Добавить в цитаты Настройки чтения

Страница 4 из 8

Зато в губерниях, где раскол в действительности не усиливался, и если число раскольников увеличивалось, то лишь вследствие естественного приращения населения, там, где раскол даже ослабевал в последние сорок лет (например, в Земле Войска Донского и в Могилевской губернии, по уничтожении в последней старообрядских монастырей Гомельского уезда), там, по указанию официальных цифр, с 1826 по 1864 год он усилился в два и даже в два с половиной раза. Так, в Курляндии он показан усилившимся на 157 %, в Могилевской губернии на 148 %, в Волынской на 145 %, в Бессарабии на 121 %, в Киевской губернии на 80 %, в Подольской на 80 %, в Земле Войска Донского на 67 %, в Екатеринославской губернии на 59 %, в губерниях Виленской, Гродненской и Минской, взятых вместе, на 53 %, в Херсонской на 47 %, в Лифляндской на 30 % и в Витебской на 25 %.
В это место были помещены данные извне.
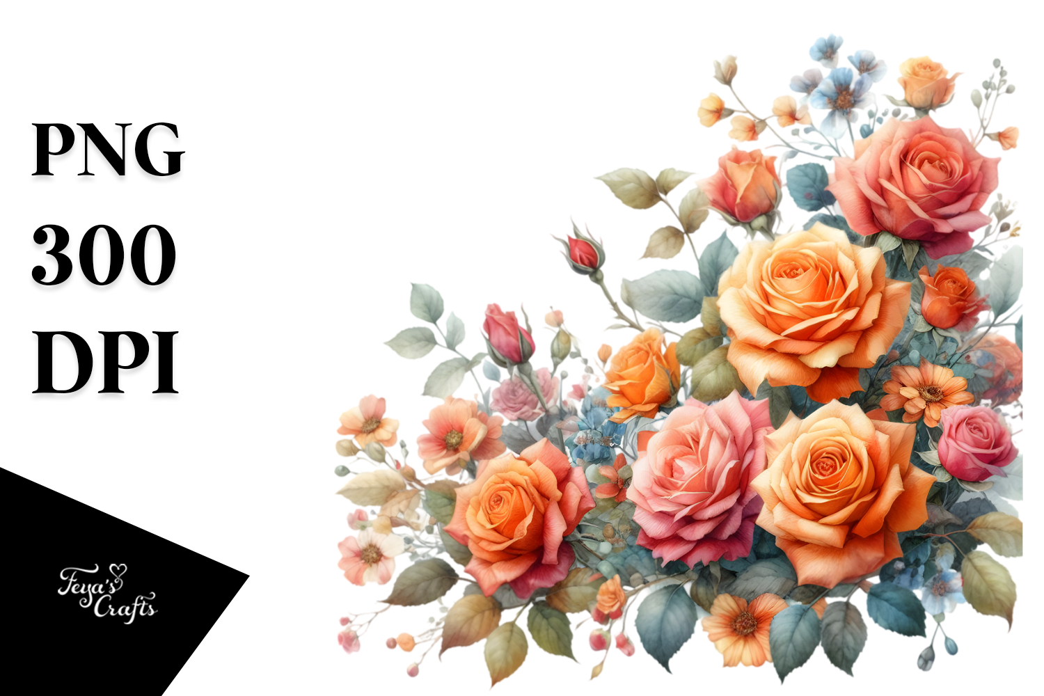 Similar Design Products to Colorful Floral with Small Orange Roses, High-Res PNG
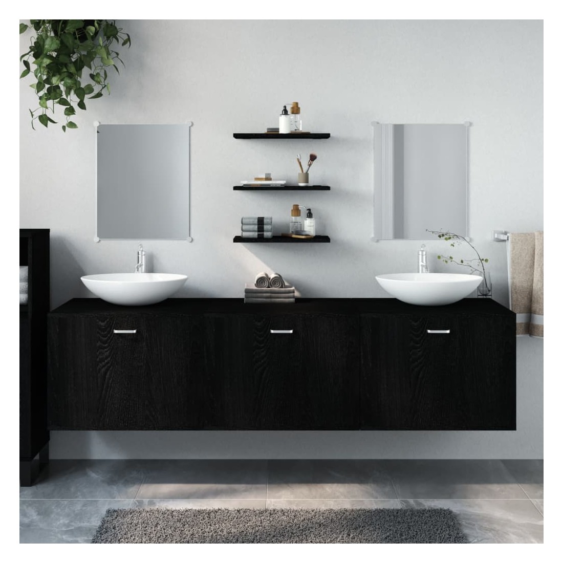Cet ensemble de meubles de salle de bain tendance est un excellent supplément à votre salle de bain, ce qui lui donne une apparence ordonnée et saisissante ! Matériau durable : le bois d'ingénierie est d'une qualité exceptionnelle avec une surface lisse et présente également résistance, stabilité et résistance à l'humidité. Rangement supplémentaire : l'armoire de toilette offre un espace de rangement supplémentaire pour ranger les éléments essentiels de votre salle de bains. Le dessus de l'armoire est idéal pour placer le lavabo. Fonction murale : l'armoire ne prend pas de place au sol. Vous pouvez facilement l'accrocher au mur. Miroir pratique : utilisez le miroir inclus pour soigner votre habillage quotidien. Il ajoute également une excellente apparence à votre décoration intérieure. Bon à savoir :Le lavabo n'est pas inclus dans la livraison. Le drain est inclus dans la livraison.Les vis et les chevilles pour l'intérieur du mur ne sont pas incluses. Nous vous conseillons de trouver et d'utiliser des vis et des chevilles adaptées spécifiquement à vos murs. Si vous n'êtes pas sûr, vous pouvez consulter un professionnel. Veuillez lire et suivre chaque étape des instructions.

Цифры духовного ведомства по некоторым епархиям несколько выше цифр, представленных губернаторами, по другим ниже. Вопрос, отчего из одной губернии доходили разные вести, разрешается очень просто: как губернаторы, так и архиереи представляли своим начальствам цифру фактическую, основание для которой заключалось единственно в показаниях за предшествовавшие годы. Каждый оставался спокоен: беспокойных запросов, неприятной переписки не было. Не ими так началось, не ими и кончится. Замечательно однако, что и цифры, доставляемые в святейший синод епархиальными архиереями, представляют то же самое, что и представляемые в министерство внутренних дел губернаторами: где раскольников в 1826–1864 годах стало в действительности больше, там показывалось, что число их уменьшилось, и наоборот.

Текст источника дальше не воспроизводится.